The Train Driver Story*

Posted by JSYL on Saturday, April 25, 2009 in
This story is about a train driver who drove up and down the same railway track all day, every day, for many years. As you can imagine, it was a pretty monotonous and lonely job. He had no one to talk to, and nothing much to look at except the surrounding countryside outside the windows.

One day he looked out and noticed a sparklingly new white cottage. Out the front of the cottage there stood a sprawling rose garden. The roses were big and red and perfectly shaped - they were, in fact, the most beautiful roses the train driver had ever seen. A little girl noticed him passing and smiled sweetly and waved, and the train driver waved back. Once, her mother was outside playing with her, and they both waved to him as he passed.

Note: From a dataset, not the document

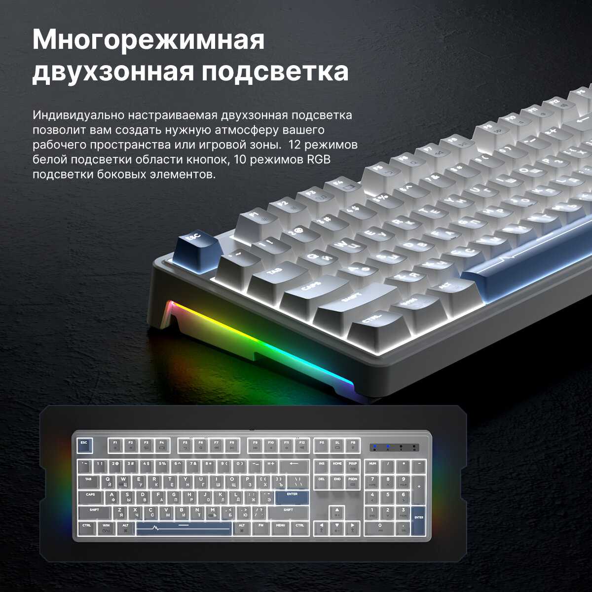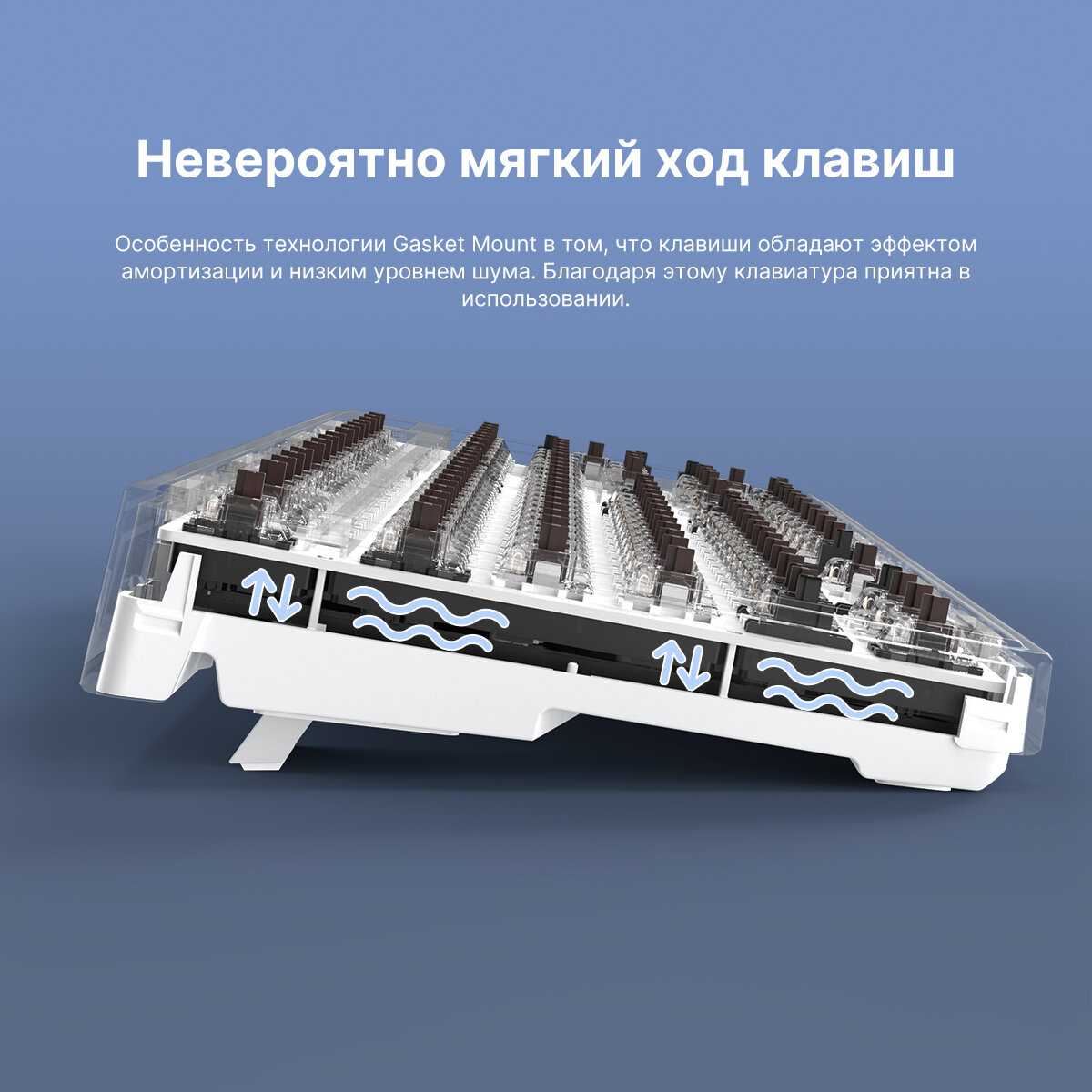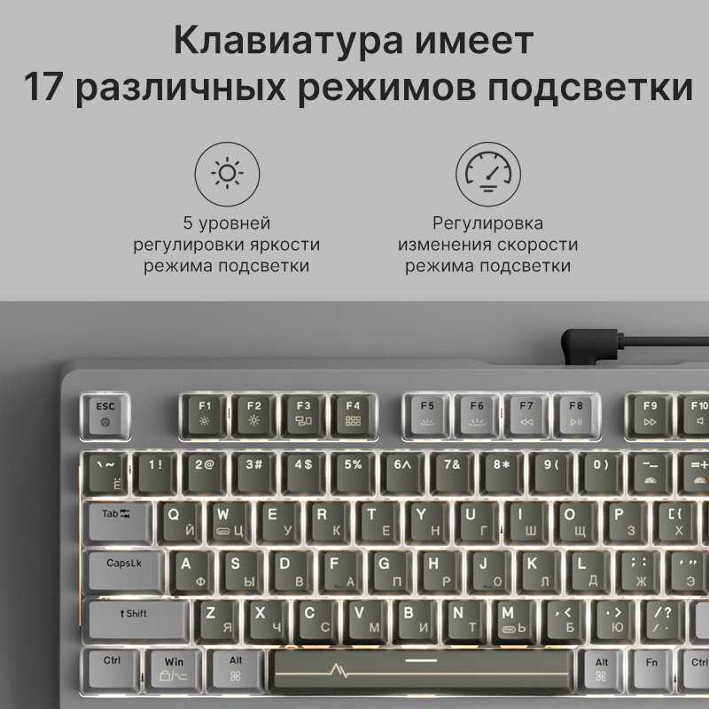 - + очень классно сделан тайминг, кнопки приятно нажимаются, подсветка не выжигает глаза что надо тем кто любит однотонные светящиеся буквы, кнопка громкости очень удобная и приятная тактильно, клава наверное топ за свои деньги

The train driver began to look forward to the moment in his day when he would pass the white cottage. Most days, the girl and her mother would be there to wave at him, and he soon felt a kind of close connection to the pair. Over the years, their meetings grew less frequent, but on the days when they were there, the train driver watched as the little girl grew older, and became a young woman, yet smiled at him just as warmly as when he had first seen her.

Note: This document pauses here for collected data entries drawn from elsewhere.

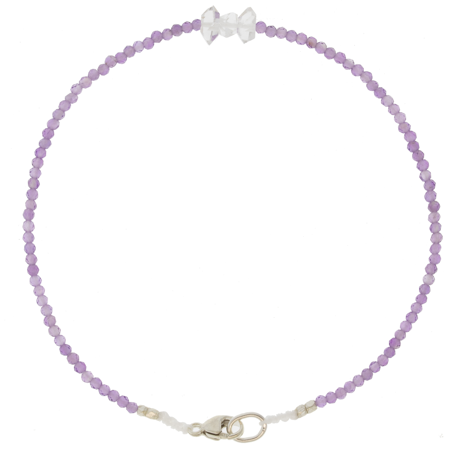Enhance your favorite layers with this amethyst and herkimer quartz beaded bracelet. Amethyst is thought to relieve stress and strain, while quartz is thought to amplify energy and promote emotional healing.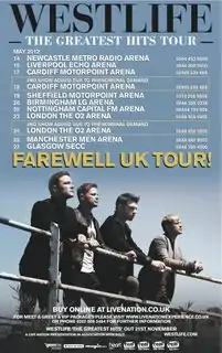 The Greatest Hits Tour (also known as The Farewell Tour)[1] was the twelfth concert tour by Irish boy band, Westlife. The tour, visited the Europe and Asia and supported the group's compilation album, Greatest Hits. After the tour finished, the group disbanded after performing for 14 years until their reformation.[2]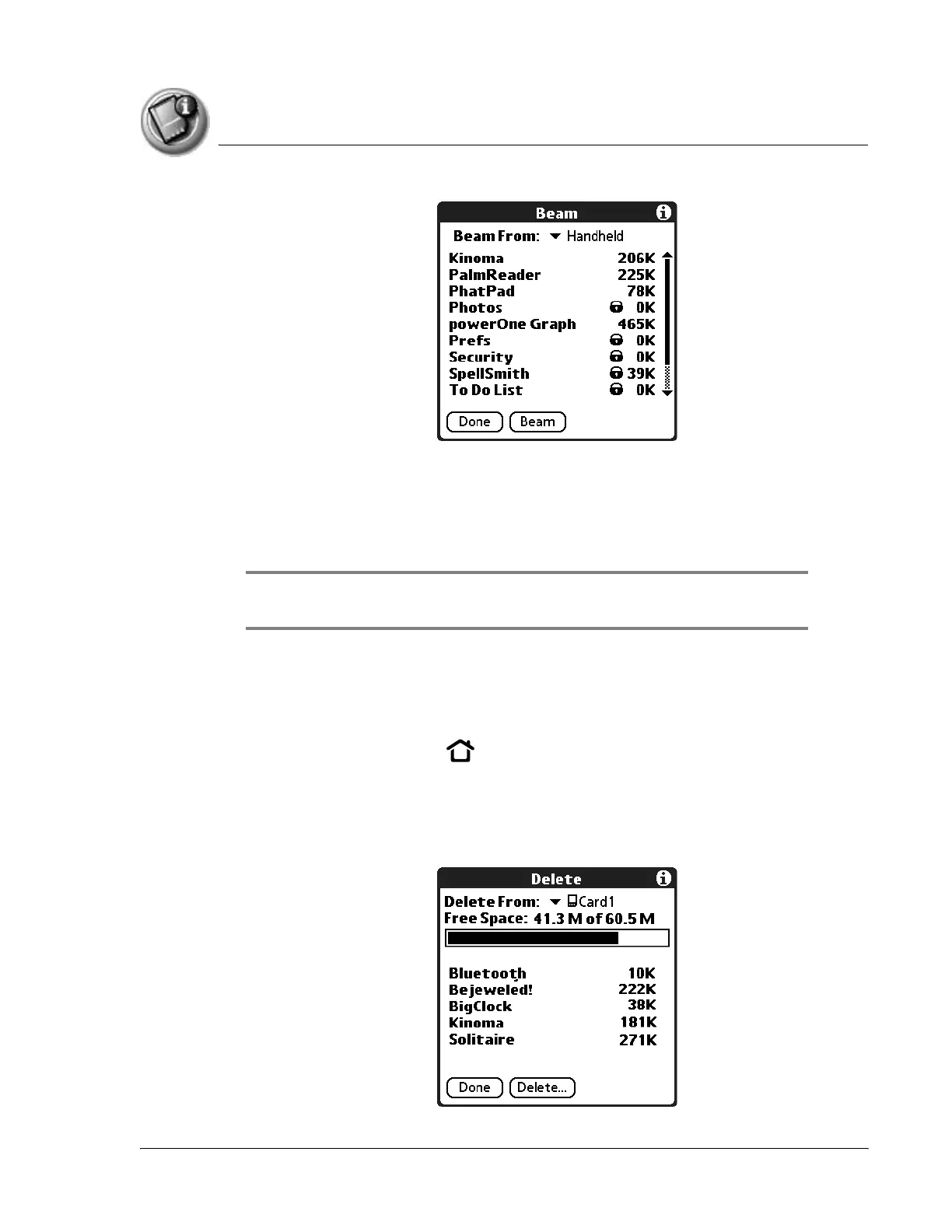 7. Select the application you want to beam or send, then tap Beam or tap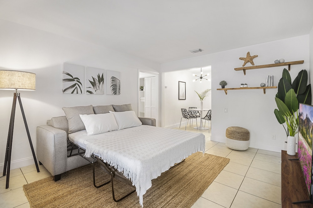 With a stay at Alani Bay Premium Condos in Fort Lauderdale (East Fort Lauderdale), you'll be a 3-minute drive from Las Olas Boulevard and 6 minutes from Las Olas Beach. This luxury condo is 2.4 mi (3.9 km) from Fort Lauderdale Beach and 5.9 mi (9.5 km) from Port Everglades. Make yourself at home in one of the 3 individually decorated guestrooms, featuring kitchens with full-sized refrigerators/freezers and ovens. Your room comes with a memory foam bed. 49-inch Smart televisions with digital programming provide entertainment, while complimentary wireless internet access keeps you connected. Conveniences include desks and separate sitting areas, and you can also request cribs/infant beds (complimentary). Distances are displayed to the nearest 0.1 mile and kilometer.
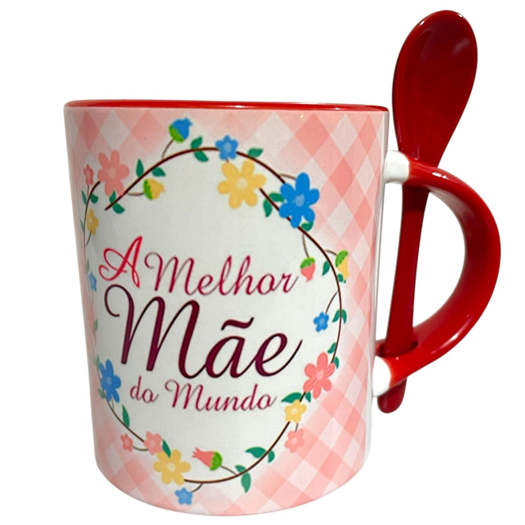 Com um design delicado em tons de rosa e estampa xadrez suave, essa caneca traz a frase “A Melhor Mãe do Mundo” envolvida por uma linda moldura floral colorida, transmitindo carinho e amor em cada detalhe. A alça com colher acoplada adiciona praticidade e um toque moderno ao produto, ideal para o dia a dia.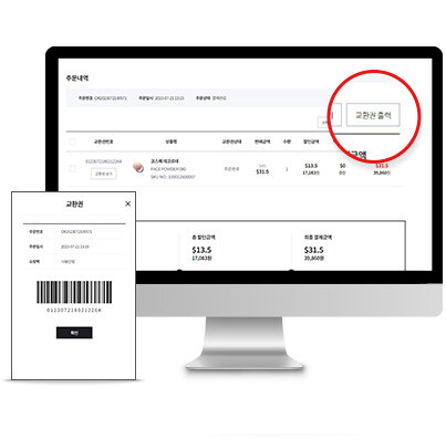 | 결제완료 후 주문완료 페이지에서 교환권 출력 | 교환권 출력이 불가한 경우에는 교환권 번호 메모하거나 모바일 앱(SNS)으로 진행합니다. |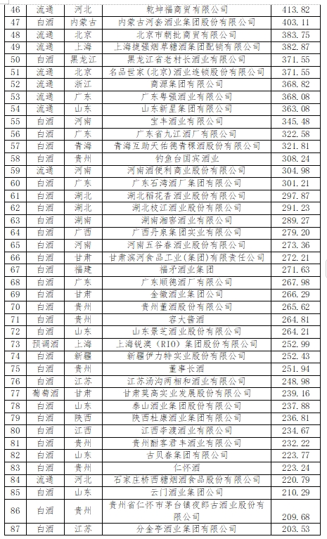 华樽杯第十六届中国酒类品牌价值200名单如下:

Finally, the day came when the train driver retired, and he moved to a town a little way off from the cottage. He often missed his daily ritual of passing the cottage and the girl and her mother, and at last decided to pay them both a visit. But when he arrived, he was surprised when he came to the front door.

Up close, the cottage was not nearly as white and clean as he had remembered.

The roses in the garden were not as large or as beautiful as the ones he had passed each day.

And when the mother and daughter met him, they were a bit puzzled as to who he was. When the train driver had explained himself, they invited him inside for a cup of tea, but were not nearly as warm and open to him as he had hoped, and he soon left as quickly and politely as he could.

I felt sorry for the train driver when I first heard this story, because he had developed this friendship with the mother and her daughter in his mind over the years, only to be bitterly disappointed after all that time. But then I realised that it was his own fault. He had built up this illusion in his mind of perfection, that was not real. It was just an illusion.

I think the same can be said for many things - the tragedy is entirely our own making.

*As told to JSYL by someone pretty wise.